I think the author had to fill in memories from his childhood. Those moments were farther back in the past, and human memory doesn’t serve us that well. You also have to fill in dialogue and feelings, or reactions. I think that this is a good technique to use when trying to make a point or make the story stand out more. For example, the author shares a story of when one of his big sisters ran away, he uses a lot of dialogue in the story, and tells about his family’s reactions. He says, “We sat straight up. Downstairs, Helen and Rosetta were having a fight. …not even the boldest of them, … fooled with Rosetta. Rosetta was the resident queen of the house. I heard the sound of a coat tearing. Rrrrrrip!
‘You b***h!’ Helen screamed. I heard fists landing on flesh. Rosetta roared.

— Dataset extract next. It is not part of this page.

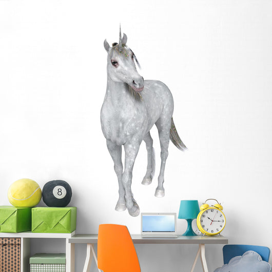 Curious White Unicorn Wall Decal

Kathy started to cry. ‘Be quiet,’ I said. Cursing in my house was not allowed. Cursing was out of bounds. Cursing meant things were out of control.
More commotion. I heard the boys downstairs saying, ‘All right, break it up. Hold her, Billy, wait—‘ Boom! Laughter by the boys, an agonized cry by Rosetta. ‘Oh, you’re gonna get it now!” Whomp! Helen’s scream. Another tussle. The sound of furniture flying, David shouting, a lamp breaking. More laughter and cursing . . . A vehement argument ensued, and I heard Helen declare she was leaving. Suddenly the boys got serious.” The story continues with Helen leaving to stay with their older sister, and then leaving altogether. The author was spying on his siblings with his younger sister Kathy so he doesn’t really know what happened, he’s just filling in the details. This shows how using this technique makes a story pop and adds more excitement.